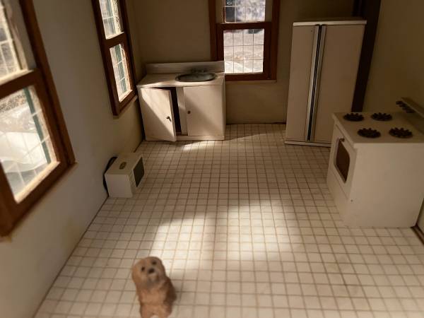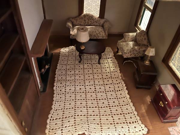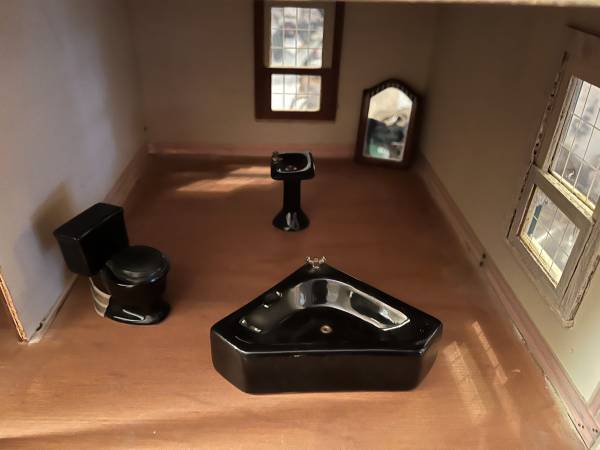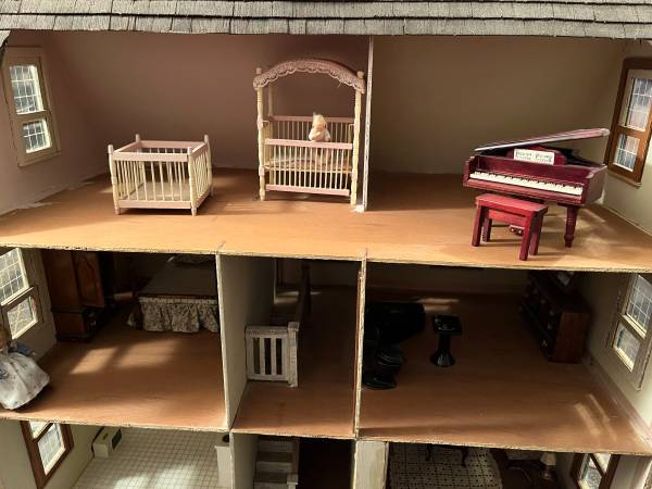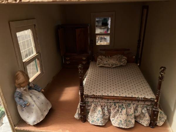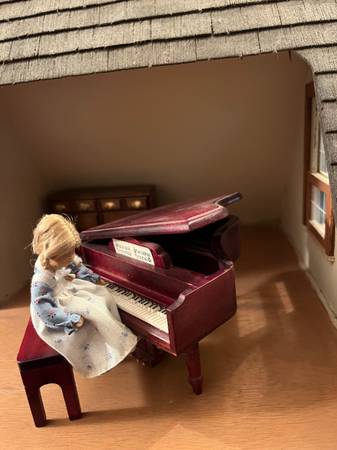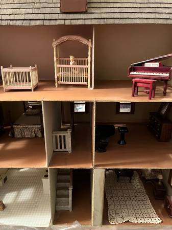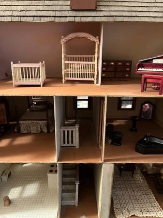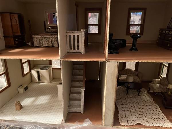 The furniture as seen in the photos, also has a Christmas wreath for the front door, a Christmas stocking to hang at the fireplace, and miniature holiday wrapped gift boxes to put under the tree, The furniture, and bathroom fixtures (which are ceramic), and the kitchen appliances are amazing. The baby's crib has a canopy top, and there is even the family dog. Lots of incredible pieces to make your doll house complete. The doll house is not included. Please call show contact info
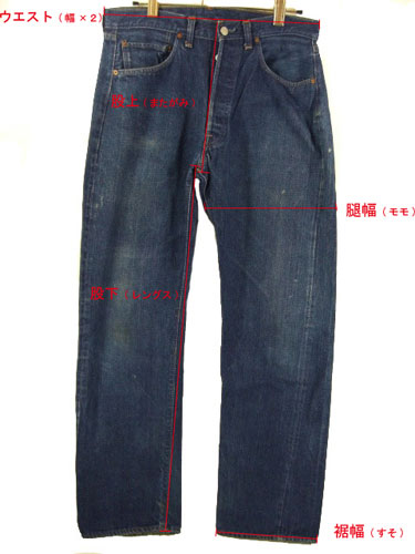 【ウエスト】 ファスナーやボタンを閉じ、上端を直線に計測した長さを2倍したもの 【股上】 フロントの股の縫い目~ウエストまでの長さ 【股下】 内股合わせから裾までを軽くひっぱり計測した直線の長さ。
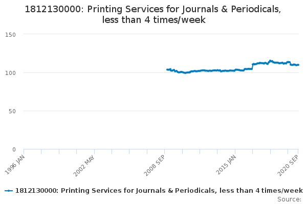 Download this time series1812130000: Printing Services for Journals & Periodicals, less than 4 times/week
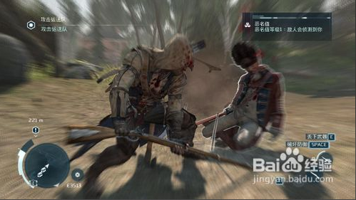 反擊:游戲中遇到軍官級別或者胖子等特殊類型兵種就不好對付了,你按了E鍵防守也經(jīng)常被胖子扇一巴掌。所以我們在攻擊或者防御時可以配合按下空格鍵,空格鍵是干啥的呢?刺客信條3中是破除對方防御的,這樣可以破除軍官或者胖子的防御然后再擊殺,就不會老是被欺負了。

··········

## Exercise goal
Nothing but the lines from the line containing "Download this time" through the last line of the material may be output, and they must be copied exactly, without pictures.

## Written response
 Download this time series1812130000: Printing Services for Journals & Periodicals, less than 4 times/week
 反擊:游戲中遇到軍官級別或者胖子等特殊類型兵種就不好對付了,你按了E鍵防守也經(jīng)常被胖子扇一巴掌。所以我們在攻擊或者防御時可以配合按下空格鍵,空格鍵是干啥的呢?刺客信條3中是破除對方防御的,這樣可以破除軍官或者胖子的防御然后再擊殺,就不會老是被欺負了。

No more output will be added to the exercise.